Mr. Castelnuovo became a fixture in Italian living rooms in the 1980s as the athletic middle-aged spokesman for Olio Cuore, a brand of corn oil. In television commercials for the product, he vaulted over a fence to display his good health.

“He’s one of the excellent underrated Italian actors,” Antonio Monda, who teaches a course on Italian cinema at New York University and is the artistic director of the Rome Film Festival, said in a phone interview. “He was praised abroad, especially in France, but was somewhat overlooked in Italy. His curse was doing that infamous oil commercial.”

Mr. Castelnuovo secured his place in the international film canon for his performance in “The Umbrellas of Cherbourg,” Jacques Demy’s 1964 New Wave romance in which all the dialogue was sung, almost as though it were a cinematic opera. (Michel Legrand wrote the music; Mr. Castelnuovo’s voice was dubbed.) The movie was awarded the Palme d’Or at the Cannes Film Festival and received five Academy Award nominations, including one for best foreign-language film and one for the song “I Will Wait for You.”

“The Umbrellas of Cherbourg,” set in a Normandy port town, recounts the youthful love affair between a garage mechanic named Guy, played by Mr. Castelnuovo, and Geneviève, the daughter of an umbrella shop owner, played by Ms. Deneuve. Their romance ends when Guy is drafted into the Algerian war. Geneviève soon discovers she is pregnant with Guy’s child. When they finally meet again, they have married other people, and their love is a bittersweet memory.

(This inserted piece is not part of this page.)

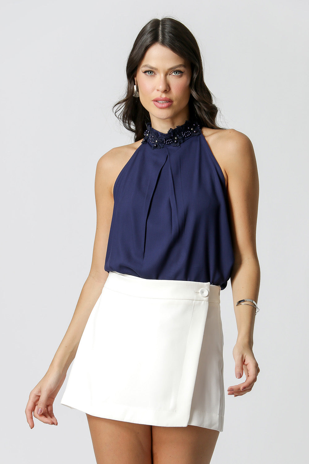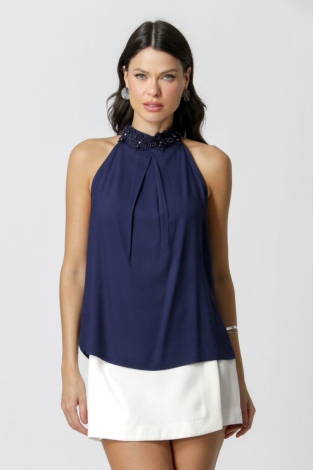 • Blusa con detalle de encaje en el cuello - AZUL MARINO

Revisiting the film in 2011, The New York Times critic A.O. Scott called it “one of the most romantic films ever made.” “The romance between these young lovers was not meant to be,” he added, “but our romance with this incomparable film will last forever.”

Francesco Castelnuovo was born on Oct. 28, 1936, in Lecco, Italy. His father, Camillo, worked in a button factory. His mother, Emilia Paola (Sala) Castelnuovo, was a maid.

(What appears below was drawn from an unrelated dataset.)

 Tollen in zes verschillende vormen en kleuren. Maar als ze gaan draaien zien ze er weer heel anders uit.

Growing up, Francesco held jobs as a mechanic and a house painter to support himself. He often found refuge in the darkness of movie theaters and idolized Fred Astaire, whose films inspired him to become a gymnast and a dancer in his teens.

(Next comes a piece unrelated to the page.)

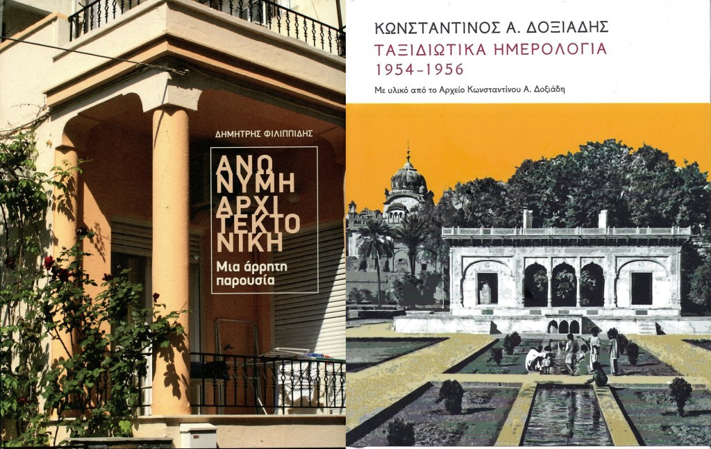 3. Βιβλία: Δύο βιβλία του πολυγραφότατου Δημήτρη Φιλιππίδη προστέθηκαν και φέτος στην βιβλιογραφία για την αρχιτεκτονική. ΑΝΩΝΥΜΗ ΑΡΧΙΤΕΚΤΟΝΙΚΗ-Μια άρρητη παρουσία. Μια έκδοση (Πολιτιστικό Ίδρυμα Ομίλου Πειραιώς) που εδραιώνει μια τολμηρή αλλά πραγματικά εύστοχη και συγκροτημένη θεωρητική άποψη για την Ανώνυμη Αρχιτεκτονική που εδώ και χρόνια αναδεικνύει και τεκμηριώνει ο Δημήτρης Φιλιππίδης. Παράλληλα ο Φιλιππίδης επιμελήθηκε και τα Ταξιδιωτικά Ημερολόγια 1954 – 1956 του Κωνσταντίνου Α. Δοξιάδη, από τον Εκδοτικό Οίκο Μέλισσα.

In 1955, he moved to Milan to study at the Piccolo Teatro repertory theater. He also found work as a mime on a children’s television show about a magician named Zurli. He made his film debut in 1959 with a small part in Pietro Germi’s crime thriller “The Facts of Murder,” and he appeared the next year in Visconti’s acclaimed “Rocco and His Brothers.”

Among Mr. Castelnuovo’s other films were “The Hunchback of Rome” (1960), which was notable for featuring the director Pier Paolo Pasolini in an acting role, and De Sica’s 1966 drama, “A New World.” He appeared in Jean-Luc Godard’s segment of “Amore e Rabbia” (1969), a series of short stories directed by various cinema luminaries. He reunited with Deneuve in Agnès Varda’s film “The Creatures” in 1966.

He is survived by his wife, Maria Cristina Di Nicola; his son, Lorenzo; and his sister, Marinella.

In 1996, at the age of 60, Mr. Castelnuovo played the archaeologist D’Agostino in Anthony Minghella’s “The English Patient.” He continued acting into his 70s, performing in productions of works by the Venetian playwright Carlo Goldoni and playing a judge on the television series “Tuscan Passion” from 2013 to 2015. He also worked to raise awareness of glaucoma, from which he had long suffered.

In interviews, Mr. Castelnuovo often reflected on the glorious era of Italian cinema that he had witnessed firsthand. He sometimes complained that Italian films had become less, well, Italian.

“I come from a cinema that is very different from now,” he said in a Roman television interview in 1999. “It was a time when Italian film was the most respected cinema in the world.”

“We’ve decided to follow the Americans and other big nations,” he continued. “We’ve lost sight of just how much talent we Italians have.

“We’re a country of marvelous people. Marvelous in the sense that, without our imaginations, we cannot live. We’re not very good realists, which makes us very imaginative people.”